### Records for this task
________________________________________

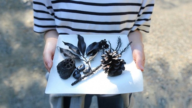 ハナズミとは、木の実や果実などを、穴の開いた容器や箱に入れ加熱し、植物の水分と栄養分を蒸発させることで、植物の形を保ったままできる炭のことを指します。「飾り炭」とも言われ、自然の造形美を鑑賞できると同時に除湿や防臭作用も期待できます。それに加え、植物が光合成の働きにより吸収したCO2を炭の中に閉じ込める効果もあります。
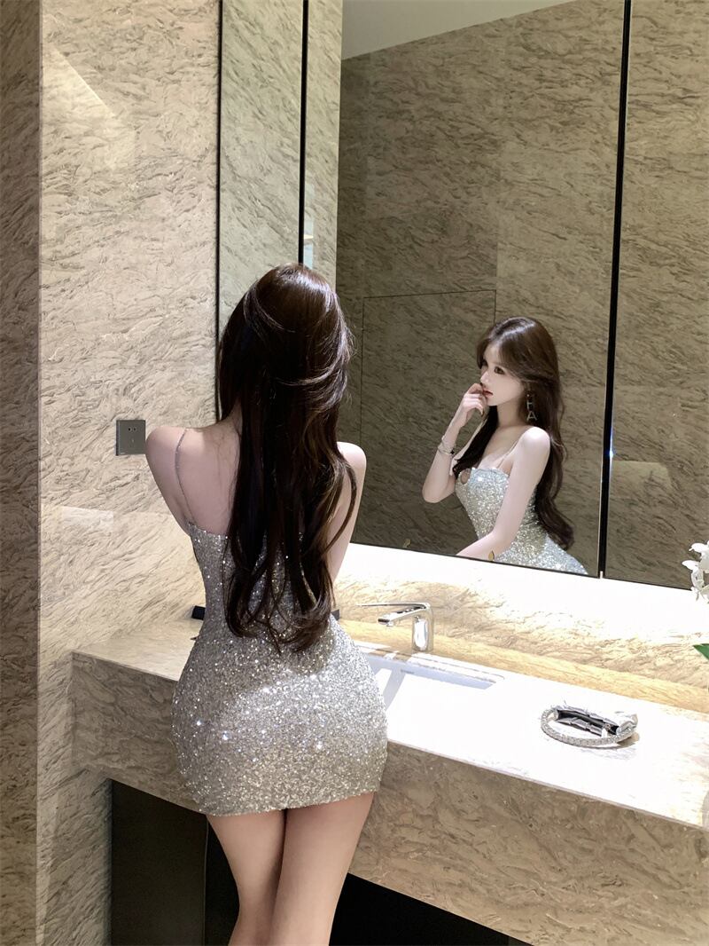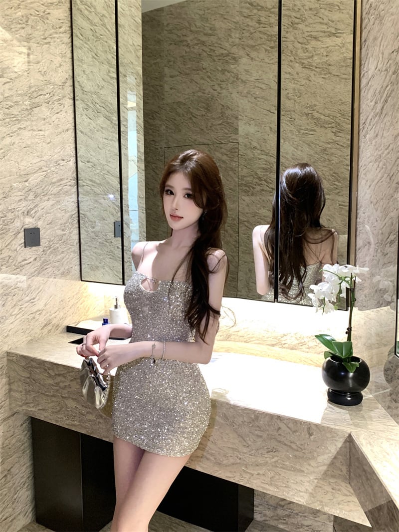 【dress】スパンコール付きタイトキャミワンピース Q8043
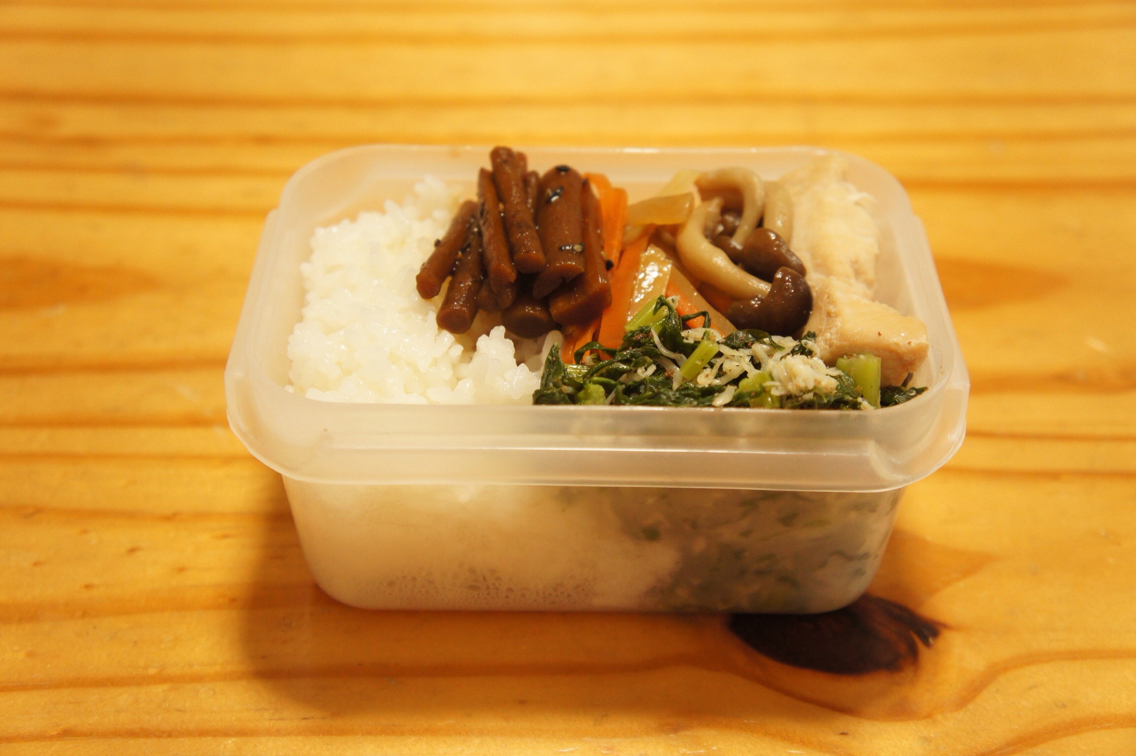 Bento2015.12.17 sazaby 鶏ムネ肉としめじの煮物弁当 鶏ムネ肉としめじを適当に麺つゆみりん酒で煮た。鶏ムネ肉には下味として酒とお醤油とみりんを揉みこんでみたけど、どーなんだろう? 鶏ムネ肉としめじの煮物 大根の葉のちりめん山椒 大根の皮のきんぴら 黒ごまゴボウ 新米 共有:クリックして Twitter で共有 (新しいウィンドウで開きます)Facebook で共有するにはクリックしてください (新しいウィンドウで開きます) 関連 コメントを残す コメントをキャンセルメールアドレスが公開されることはありません。 * が付いている欄は必須項目ですコメント * 名前 * メール * サイト 上に表示された文字を入力してください。 新しいコメントをメールで通知 新しい投稿をメールで受け取る Δ
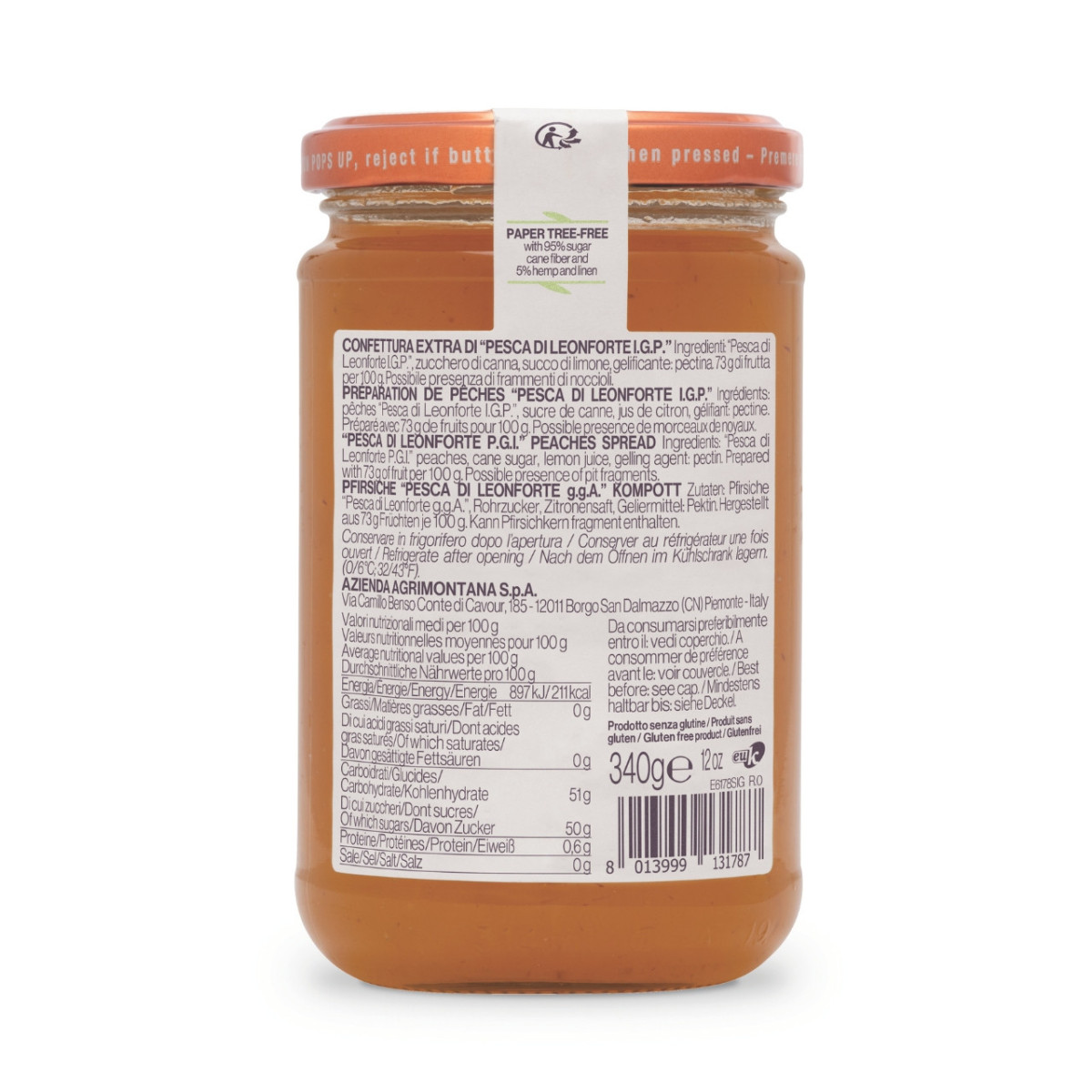 "Pesca di Leonforte I.G.P.", zucchero di canna, succo di limone, gelificante: pectina. 73 g di frutta per 100 g. Possibile presenza di frammenti di noccioli.
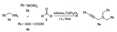 In a preliminary reaction, benzylamine (1 mmol) was treated with formaldehyde (2.5 mmol), phenylboronic acid (1.5 mmol) and phenylpropiolic acid (1.3 mmol) in the presence of CuFe2O4 nanoparticles (10 mol%) in toluene (2.5 mL) for 8 h at room temperature. The reaction conditions were optimized by varying the ratio of reactants, reaction time, and the amount of CuFe2O4. Investigation on the ratio of reactants, the best yield was obtained when benzylamine, formaldehyde, phenylboronic acid and phenylpropiolic acid proceeded under the ratio of 1:2.5:1.5:1.3 (Table 1, entry 3), while decreasing or increasing the ratio of phenylboronic acid or phenylpropiolic acid did not improve the reaction yields (Table 1, entries 1-5). While the reaction time was reduced from 8 h to 4 h, the product yield decreased from 96% to 65%. (Table 1, entries 3, 6 and 7). In the absence of the catalyst, only 6% yield was obtained. Decreasing the amount of CuFe2O4 from 10 mol% to 5 mol%, the product yield was decreased, while increasing to 15 mol%, the yield was not improved significantly (Table 1, entries 3, 8-10). Finally, the reaction conditions were optimized to be CuFe2O4 (10 mol%) as catalyst, benzylamine reacted with formaldehyde, phenylboronic acid, phenylpropiolic acid with the ratio of 1:2.5:1.5:1.3, and reaction for 8 h at room temperature (Table 1, entry 3).
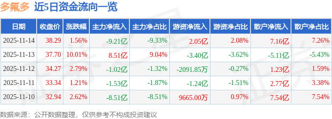 证券之星消息,截至2025年11月14日收盘,多氟多(002407)报收于38.29元,上涨1.56%,换手率23.99%,成交量259.19万手,成交额98.7亿元。
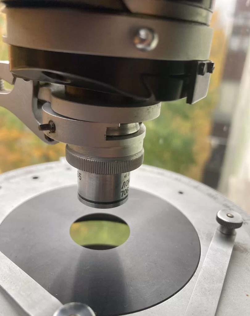 Цена деления шкал поляризатора и анализатора: 5 градусов. Предметный столик:
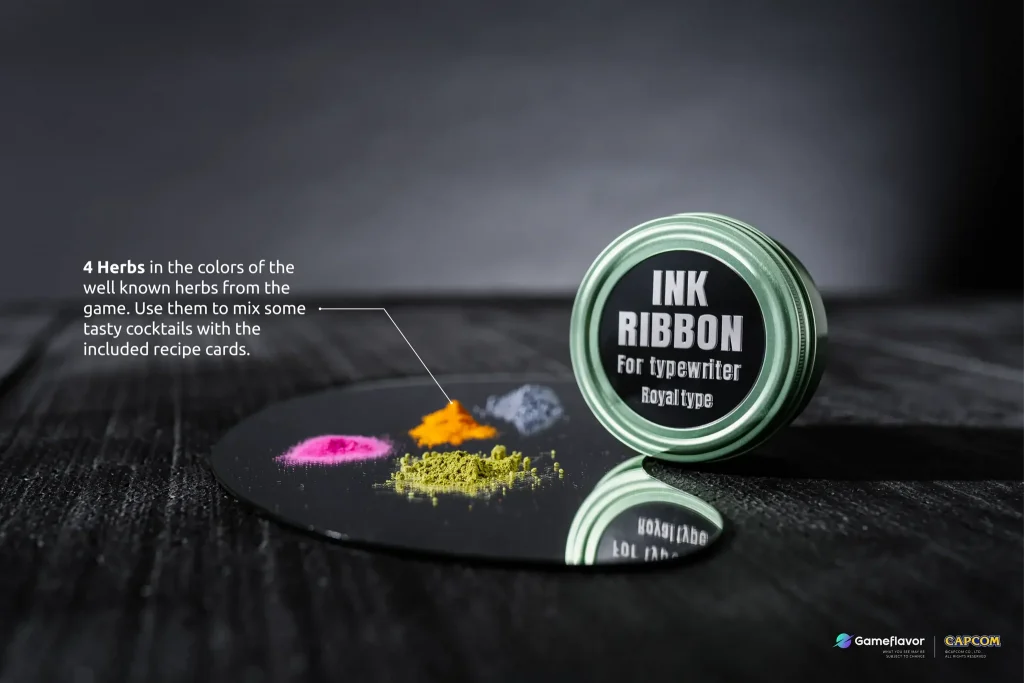 ในส่วนตลับหมึกนั้นได้จำลองเป็นผงสมุนไพร 4 ชนิดที่แฟนๆเกมต้องคุ้นเคยเป็นอย่างดีนั่นก็คือ Hibiskus (red), Spinach (green), Kurkuma (yellow), Blueberry (blue) โดยผง 4 ต่างๆนี้เอาไว้เป็นส่วนผสมเครื่องดื่มเพิ่มเติมรสชาติและสร้างสีสันให้กับตัวเครื่องดื่มได้อย่างดีเยี่ยมไม่ว่าจะเป็น ชาอัญชัน ชาเขียวมัทฉะ ขมิ้น และบีทรูทแดง หรือจะนำไปเป็นส่วนผสมในรูปแบบอื่นๆก็สุดแล้วแต่เลยครับ
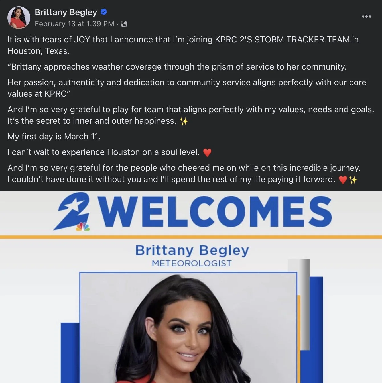 KPRC (Houston) announced that they have hired Brittany Begley as weekend morning meteorologist.
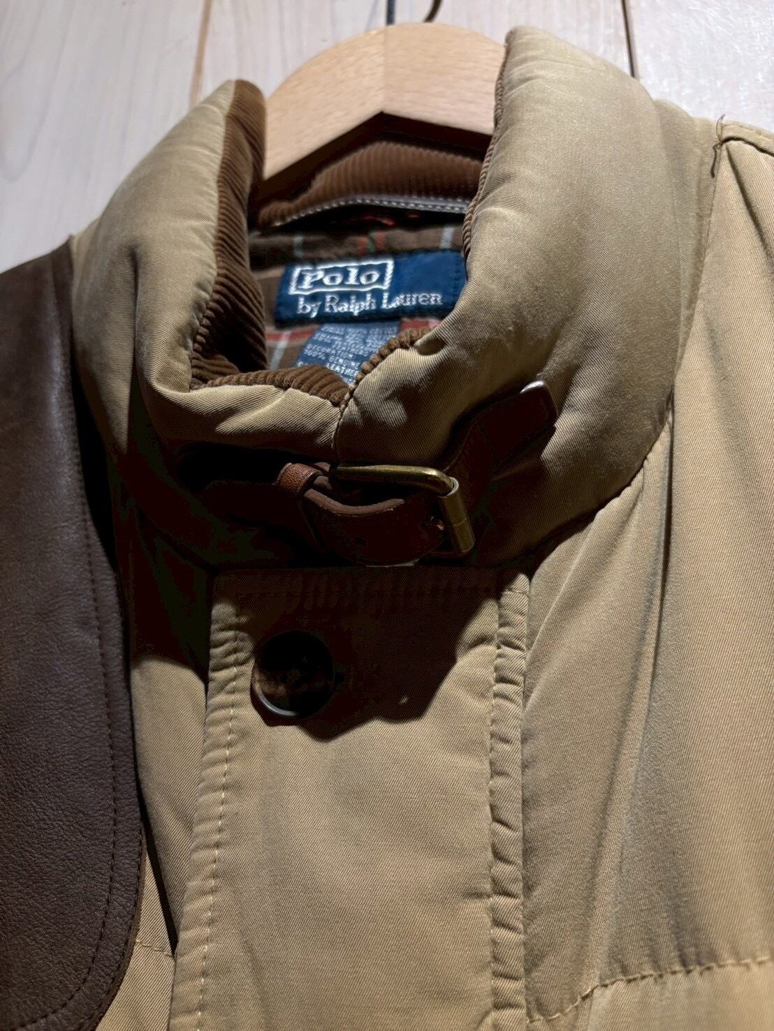 ボディにはコットンシェルを採用し、右肩には上質なリアルレザーを切り替え。経年によるレザーの艶と自然なシワ感が重厚な存在感を放ち、ベージュトーンのボディとのコントラストが抜群。ネックにはコーデュロイのスタンドカラーとチンストラップを備え、クラシックかつ実用的なディテールを演出しています。
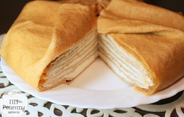 4.Верхний блин только посыпаем сыром и отправляем пирог в разогретую до 180 градусов духовку на 15 - 20 минут. Готовый пирог немного остудить и подавать горячим или холодным.
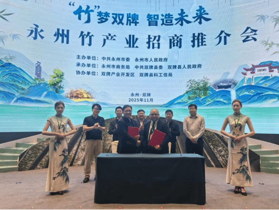 2025年11月7日,中南林业科技大学林学院与马来西亚Furnique Woodcraft Sdn Bhd及Sie Puoi Chang Construction Sdn Bhd两家公司在长沙正式签署战略合作协议,标志着双方在“一带一路”共建国家推动竹产业全产业链国际合作迈出重要一步。签约仪式在中南林业科技大学举行,林学院副院长李家湘教授与马来西亚Furnique Woodcraft、Sie Puoi Chang Construction两家公司董事长施聚仁(SIE SHWEE ING)分别代表双方签署协议。签约仪式由中南林业科技大学科学研究部部长卿彦、林学院院长袁德义、双牌县常务副县长李广军以及中南林业科技大学院士工作办公室主任蔡旭伟等领导共同见证。
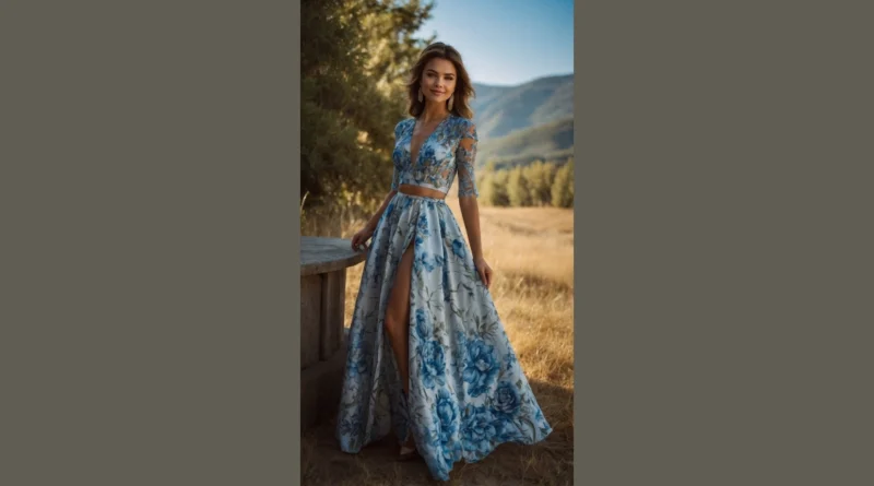 This dress is basically screaming, “I woke up like this, fabulous!” It’s not just a boho maxi dress; it’s a whole mood. With those stunning blue flowers blooming all over, you’ll look like you just floated out of a dream or a super fancy garden party. That high slit? It’s not just for showing off your legs; it’s for dramatic entrances, making sure you don’t trip over imaginary obstacles, or maybe even escaping quickly if someone brings out the broccoli dip. You’ll feel ready for any adventure, from a fancy picnic to being the star of your own outdoor music video.

________________________________________

### What you will do
Retype nothing except the lines from the first line of the listing above through the line with "frammenti di noccioli.", exactly as they stand, and no pictures.

### Response to the task
 ハナズミとは、木の実や果実などを、穴の開いた容器や箱に入れ加熱し、植物の水分と栄養分を蒸発させることで、植物の形を保ったままできる炭のことを指します。「飾り炭」とも言われ、自然の造形美を鑑賞できると同時に除湿や防臭作用も期待できます。それに加え、植物が光合成の働きにより吸収したCO2を炭の中に閉じ込める効果もあります。
 【dress】スパンコール付きタイトキャミワンピース Q8043
 Bento2015.12.17 sazaby 鶏ムネ肉としめじの煮物弁当 鶏ムネ肉としめじを適当に麺つゆみりん酒で煮た。鶏ムネ肉には下味として酒とお醤油とみりんを揉みこんでみたけど、どーなんだろう? 鶏ムネ肉としめじの煮物 大根の葉のちりめん山椒 大根の皮のきんぴら 黒ごまゴボウ 新米 共有:クリックして Twitter で共有 (新しいウィンドウで開きます)Facebook で共有するにはクリックしてください (新しいウィンドウで開きます) 関連 コメントを残す コメントをキャンセルメールアドレスが公開されることはありません。 * が付いている欄は必須項目ですコメント * 名前 * メール * サイト 上に表示された文字を入力してください。 新しいコメントをメールで通知 新しい投稿をメールで受け取る Δ
 "Pesca di Leonforte I.G.P.", zucchero di canna, succo di limone, gelificante: pectina. 73 g di frutta per 100 g. Possibile presenza di frammenti di noccioli.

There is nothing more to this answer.